Savasana

De repente, no piso externo de um abatedouro, a gente faz automaticamente as pazes com uma vida anterior, de um tempo em que ainda não tínhamos morrido. De repente, tá tudo organizado e gente consegue dizer "foi bom". Milhares de segundos reduzidos a "ok, foi bom" e enquanto um carro atravessa a rua, você pergunta "mas será que a gente esquece que foi ruim?", sei lá. A história do homem ruim que ficou bom porque morreu... Não é bem assim, mas quem liga? Os lesados ligam. Ligam para sempre? E quem atende? Não sei. 

Outro dia, também de repente, uma música aleatória que alguém, que nem sei mais quem, gostava e eu não gostava por motivos nenhum. Que motivos eu tinha para não gostar desse coitado desse cantor? Absolutamente nenhum. Mas quem disse que precisamos de motivos para não gostar? Podemos, simplesmente, não gostar, mas, de repente, agora que existem túmulos de mim lá atrás, consigo dar uma chance para a música tocar até o fim porque os primeiros segundos não me causaram terror ou agonia... e escuto. E, surpresa: realmente não gostei. Outra hora, de outra vida, quando essa de agora acabar, se acabar. Sei lá. 

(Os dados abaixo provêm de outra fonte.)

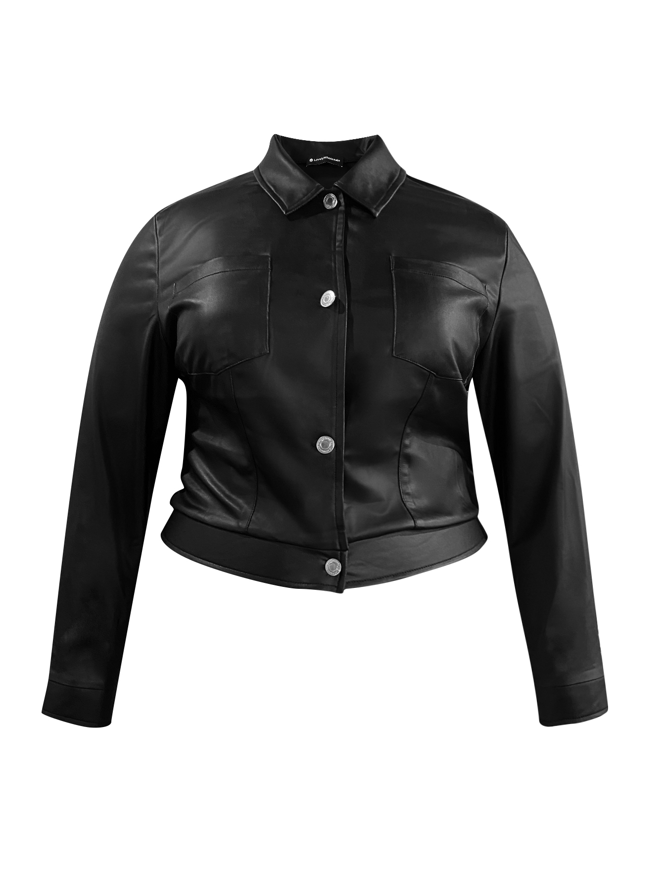 LW Plus Size Pocket Design Solid Color Leather&Faux Fur.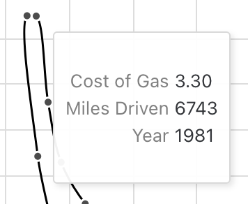 First copy your code from Task 2 above. Then use the tooltip channel to create a custom tooltip message. Your tooltips should match the image above, with custom names and formatting for the fields: format miles as an integer, and format gas with 2 decimal places.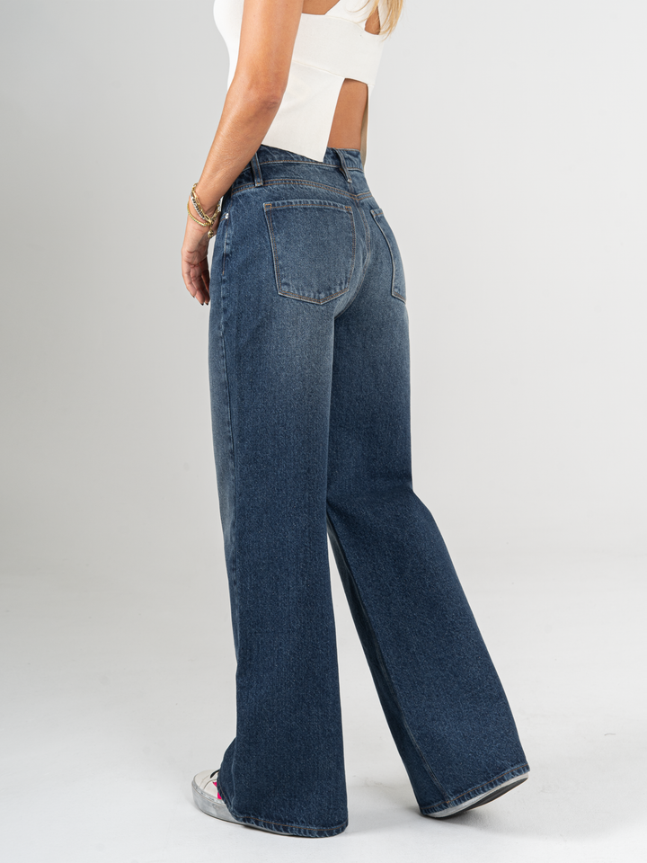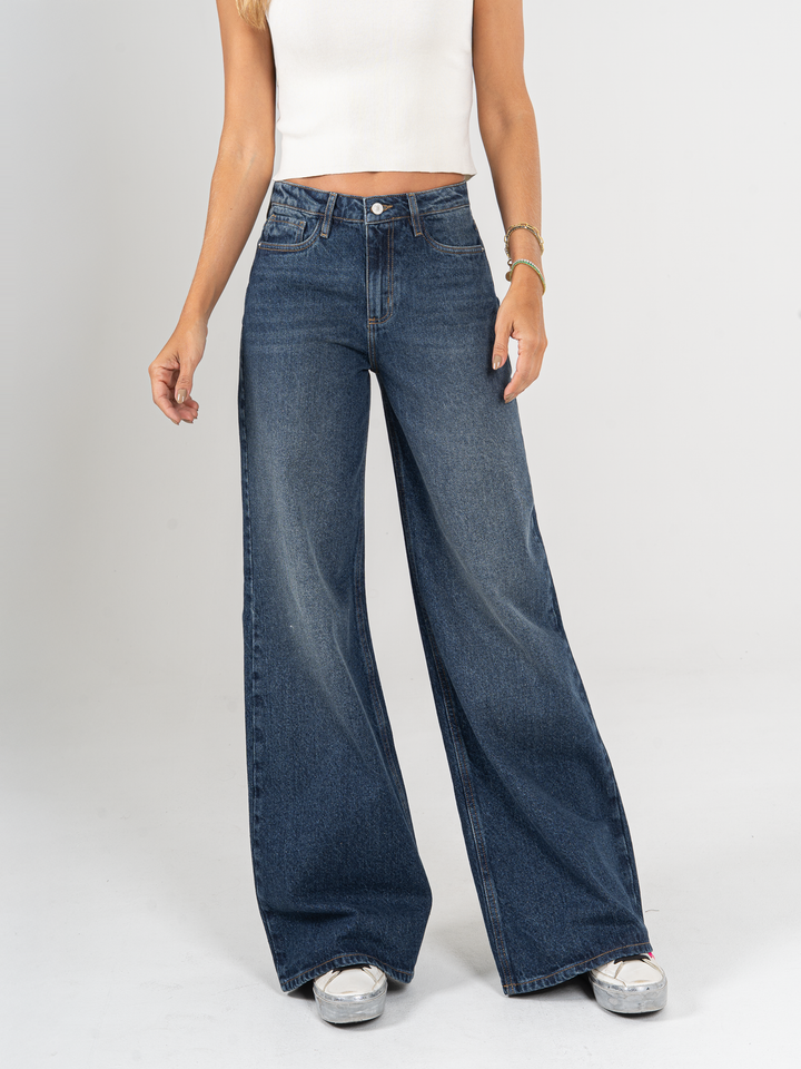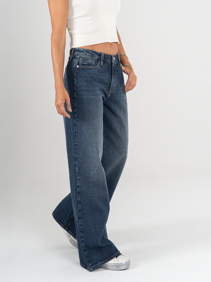 Jean palazzo, rígido, tiro alto, tono azul oscuro, diseño 5 bolsillos, cintura ajustada y pierna holgada.

E, sabe, quase na porta de um abatedouro... um abatedouro, engraçado, eu podia ter entendido muita coisa antes se pensasse por três segundos na palavra quando alguém, que também não sei mais quem, disse algo-sobre-abatedouro-e-eu. É capaz de que eu tenha entendido, sim, porque consigo entender muito mais coisas do que posso desejar, mas nem sempre estamos prontos, não é sempre que estamos com a roupa certa, o calçado certo, a passagem certa e a chave certa, pois dá um pouco de trabalho se arrumar. Querer sair do pijama. 

Bancar o que se deseja é detox e nem todo mundo quer beber.